At long last, Tom Cheek, who passed away seven years ago, was honoured today with the Baseball Hall of Fame's 2013 Ford C. Frick Award for broadcasting excellence, meaning he will be enshrined posthumously in Cooperstown next summer.
I wrote this simple eulogy below, on Saturday, October 22, 2005, thirteen days after Mr. Cheek's death.
It has been nearly two weeks since the passing of Tom Cheek, a man whose voice was familiar to millions across Canada as "the voice of Blue Jays baseball".
Nothing I type now will really add to the dignified tributes already spoken and written about Mr. Cheek over the past days. He was lauded as a model of consistency, the man who broadcast every single Blue Jays game on radio from the team's inception in 1977 until he finally missed a game in June, 2004, due to the death of his father. In that time, he called every regular season and post-season game, a total of 4,306 consecutive regular season plus 41 post-season broadcasts.
Yet his legacy is more than just about numbers. I surmise that many callers to all-sports radio talk shows feel the same way about Mr. Cheek as I do. His voice was the one we listened to as kids, learning about baseball and the slow ascent of the Toronto ball team.
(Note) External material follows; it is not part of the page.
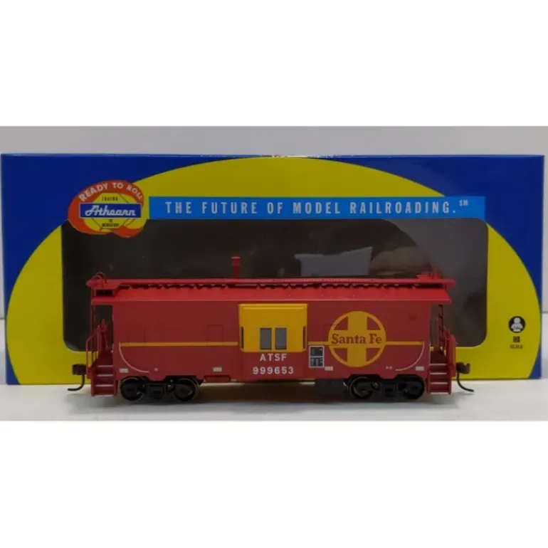Here is a Athearn 74742 HO Santa Fe RTR Bay Window Caboose #999653. This car comes fully assembled and ready for your layout. It features razor sharp painting and printing and is weighted for optimal performance. It has machined RP25 profile 33 inch metal wheels and McHenry scale knuckle spring couplers installed.

We listened to him when the late night West coast games began at 10.30pm, well past our bedtimes, with the radio turned down low, the blanket over our heads so that our parents would not know we were still up. His voice was one of reassurance, calm, continuity and instilled in us a sense that no matter how terrible a day it was, at work or at school, there was more to life than the grind of toiling for the Man.
Whether it was a portable radio on the deck at a summer barbecue, a car radio picking up a staticky signal during a rainstorm, or the alarm clock-radio transmitting the game, Mr. Cheek was always on the call, his manner of intonation perfectly matching the ebb and flow of the action, never embellishing or understating, always letting the inherent verve of baseball dictate his play-by-play.
Malignant brain cancer took him away from the broadcast booth indefinitely last summer, but it never diminished his optimistic disposition. He returned infrequently to call a few home games last season and was honored by the ballclub in an emotional ceremony in late August, 2004. That Sunday afternoon, he revealed to fans that he never really realized how much he meant to listeners and the general public, until he read a letter of support noting that, "ever since I was a kid, you have been the sound of summer".
Mr. Cheek was the sound of summer, of autumn and this winter will be bitterly cold knowing that the authoritative voice of baseball will not be waiting on the other side to formally introduce the springtime.